Review by Amrit Rukhaiyaar

John Carney’s Sing Street isn’t necessarily a film about music or musicians, but the way it uses music in its narrative, it sure appears like one. Sing Street is a film about people, their fractured lives and unfulfilled dreams.

A family is on the verge of a breakdown. The parents are going to separate any one of these days but the children are far too independent to be mentally affected by it.  It’s surely affecting them emotionally though.

The family is going through financial crisis and so the one thing they decided to do about it is change the young son’s school and move him to a lesser expensive school. They discuss this over the dining table which is well equipped with supposedly expensive wines. This was an important character description of the parents and their misplaced priorities.

In the middle of it all, is an unconventional love story. Sing Street is a coming of age story of Conor, who forms a band, primarily to impress Raphina, a girl who looks way too mature for her age, and in the process finds a talented musician in himself.

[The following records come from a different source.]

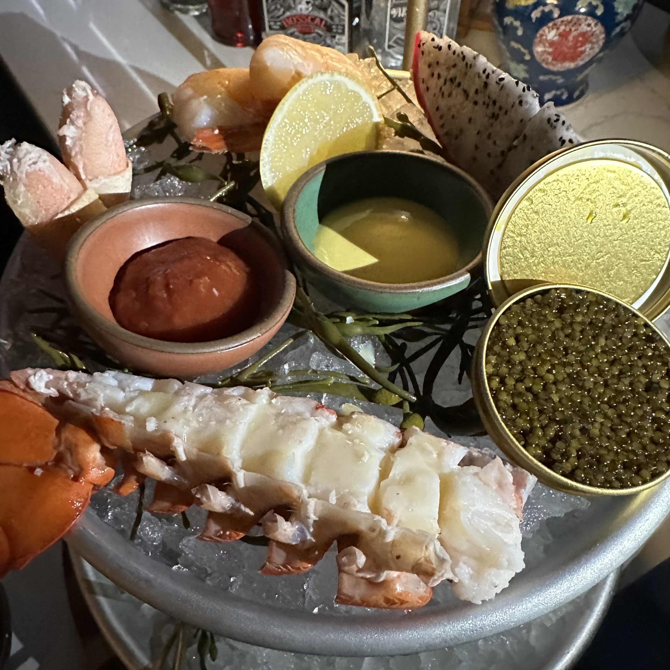 We added the 30g Kaluga Caviar tin which was smoky and decadent. I enjoyed, but would not order again ($48).
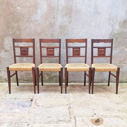 Set aus 4 Stühlen aus Eiche und Seil von Audoux Minnet 50er JahreSet aus 4 Stühlen aus Eiche und Seil von Audoux Minnet 50er Jahre
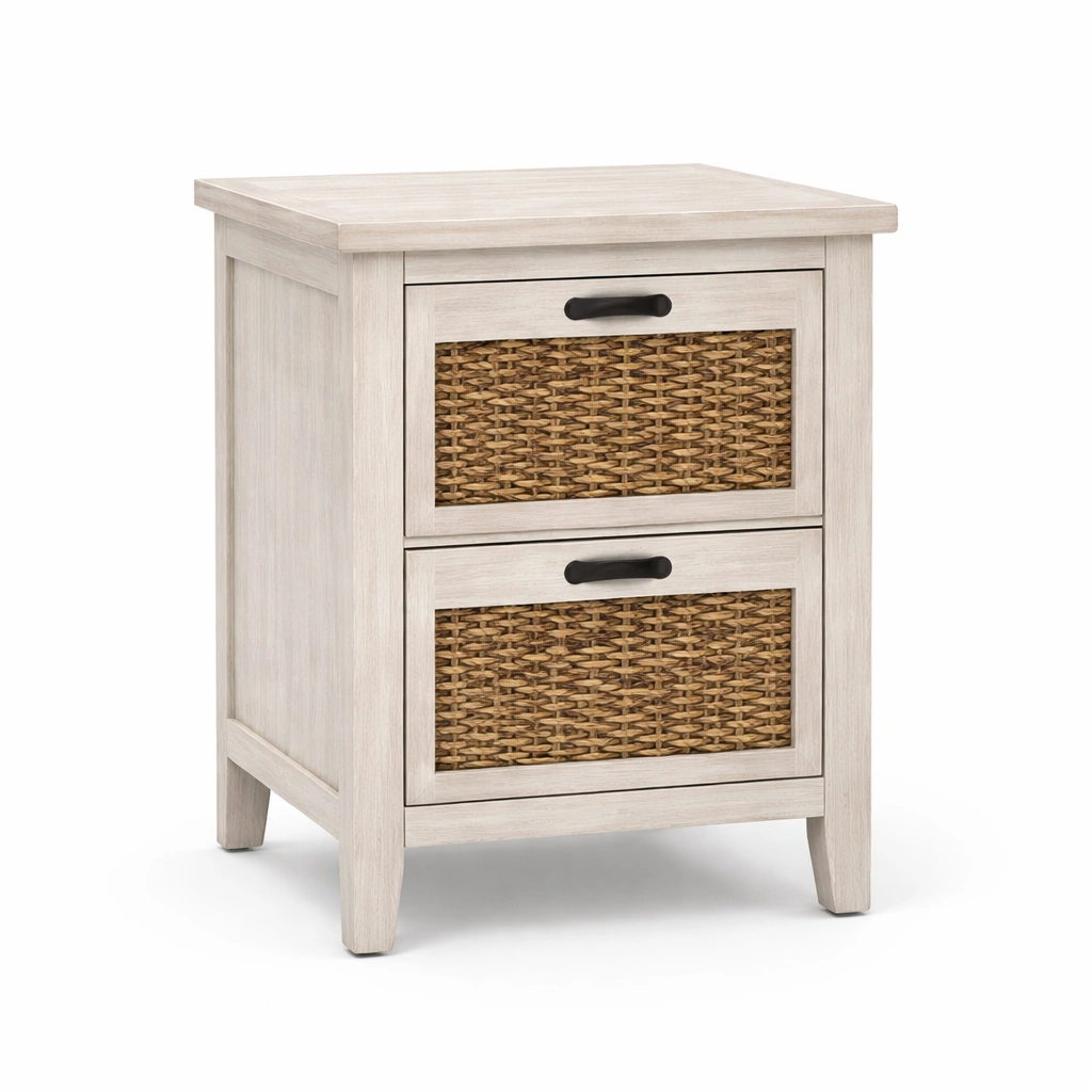 Nachttisch Holz mit Weidenkörben Weiß
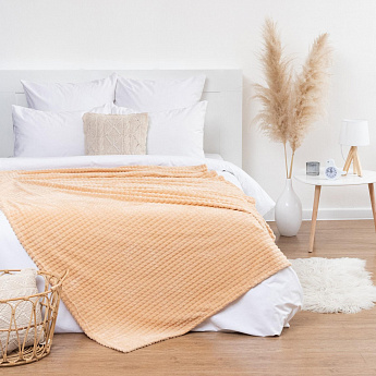 Плед Клетка 180*200 бежевый корал-флис
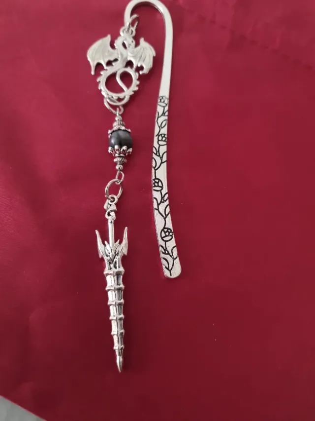 Este marcapáginas tiene un diseño único con un dragón y una espada. - Color plateado. - Colgante de dragón. - Colgante de espada. - Cuenta con una cuenta oscura.
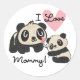 A mummy and baby panda bear design with a pink background and text and white hearts and text that reads I Love Mummy on T-shirts, bodysuits, mugs, cards, stickers, bags, magnets, and more.
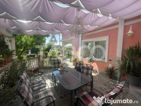 Proprietatea are o frumoasa terasa de 50 mp amenajata modern oferind o frumoasa priveliste catre gradina, lacul cu pesti exotici, frumoasa arcada de piatra si multe alte plante ornamentale care transforma gradina intr-un loc minunat de relaxare dupa cum se vede in poze.
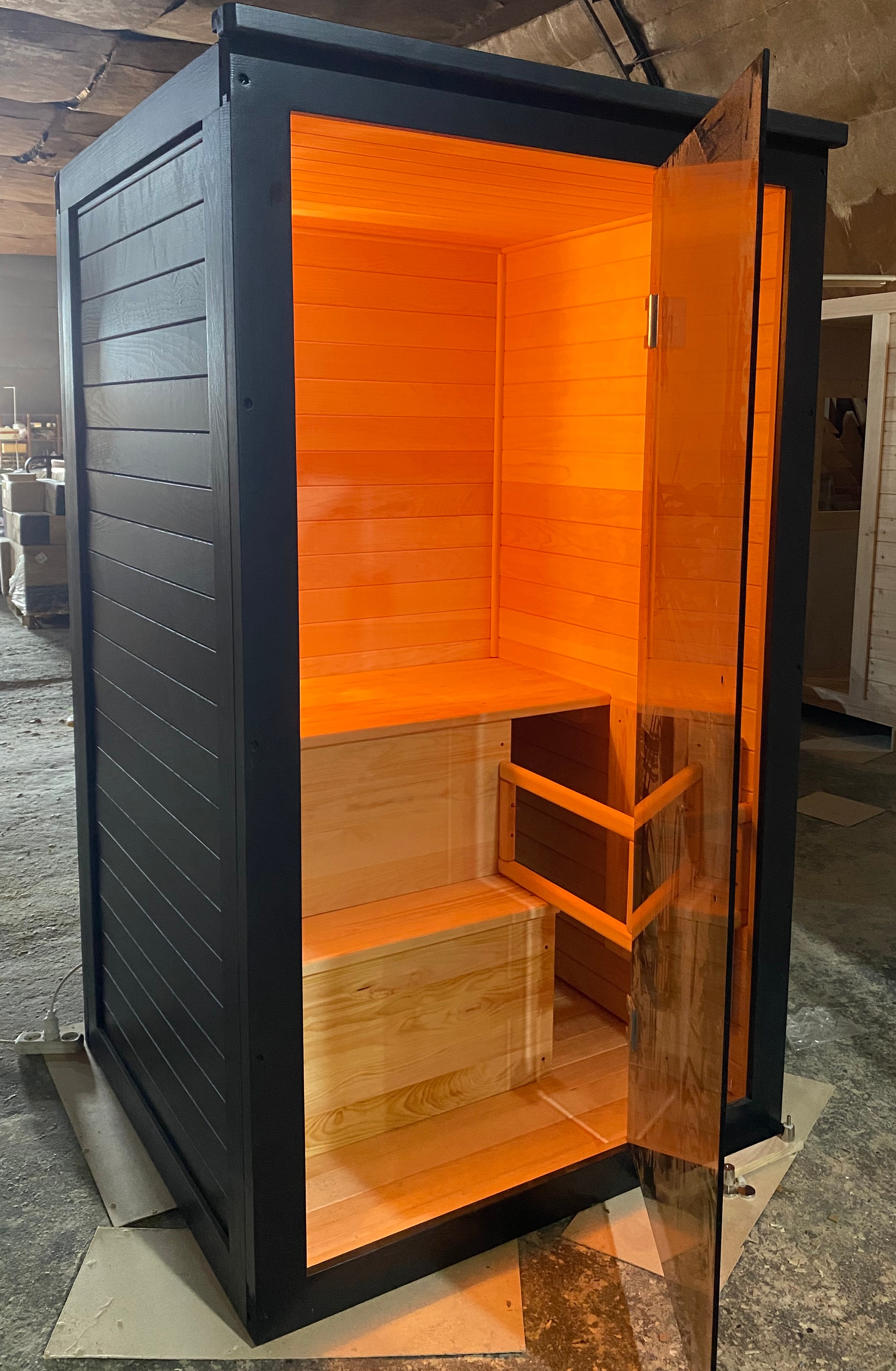 Это специально оборудованная готовая деревянная кабина для сухого и влажного парения. Электропечь нагревает пространство внутри и позволяет сбрызгивать камни водой, слегка увлажняя воздух. Такая процедура позволяет избежать перегрева. Каркас сауны выполнен из массива кедра, снаружи и внутри обшит липовой вагонкой сорта «Экстра» и имеет теплоизоляционный слой. Также двухуровневый полок идёт из кедра для обогащения внутри кабины полезными фитонцидами, а в сочетании с противовирусными свойствами липы сауна становится настоящим источником здоровья.
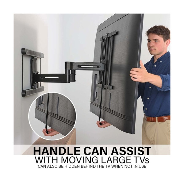 If your TV doesn’t happen to end up in the position you hoped it would be or you accidentally mismeasure during installation, Sanus' shift height adjustment feature allows for easy TV height readjustment, either up or down, ensuring that your TV is perfectly positioned where you want it. This height adjusting feature is easily performed with the simple twist of the handle that can be lowered down from behind the TV for easy access and then placed back behind the TV to remain hidden until next desired use. The shift handle can also assist with moving large TVs with ease. As large TVs may be too big to reach both sides, you can simply grip the handle and use to assist with effortlessly moving the TV into the desired position.
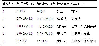 單因子指數(shù)法:單因子指數(shù)法是國內(nèi)外普遍采用的方法之一,是對土壤中某一污染物的污染程度進(jìn)行評價,其計算公式為:
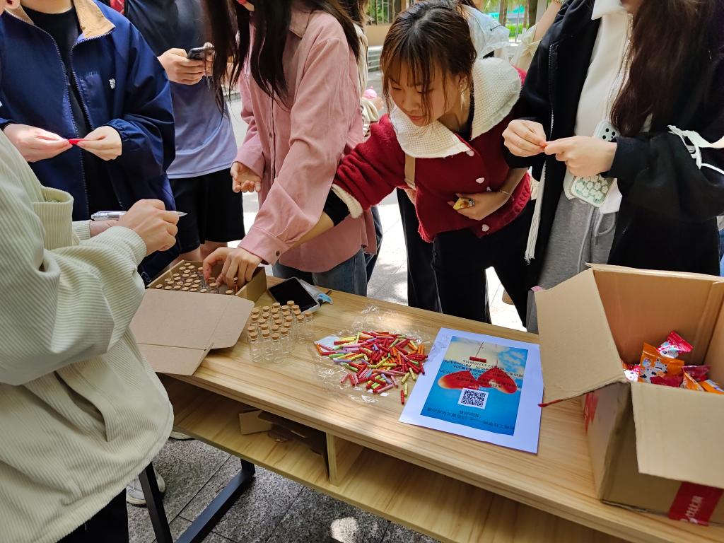 5月11日,機電工程學院在龍井雅苑門口開展了“心理知識線下答題暨心語心愿漂流瓶”活動。本次活動面向校區全體學生,共計140人參與。

The characters in Sing Street are not the kind we haven’t seen before, but the way they played their parts gave it an appeal of freshness. My favorite character though is Brendan, the stoner big brother with lots of rebellious wisdom. Sing Street is proper feel good cinema, which goes bit over the top a couple of times but then it has so much heart that you don’t really complain.


Review by Kalpit Tandon

Ruptured homes, bruised egos, failed marriages, dearth of cash, binding educational systems, shattered dreams and in the middle of it all, on a lost island in Ireland, music is born. High spirited, soulful and adrenaline rushed, pure and raw, blissful music.

The cages are meant to be broken, dreams are meant to be achieved and happiness is to be grabbed. There are only handful of chances to be loved, to be admired, to breathe life, to break away from the shackles and to be free. Sing Street is a living anthem of holding onto such moments, for your life is not supposed to be contained in a mere vessel.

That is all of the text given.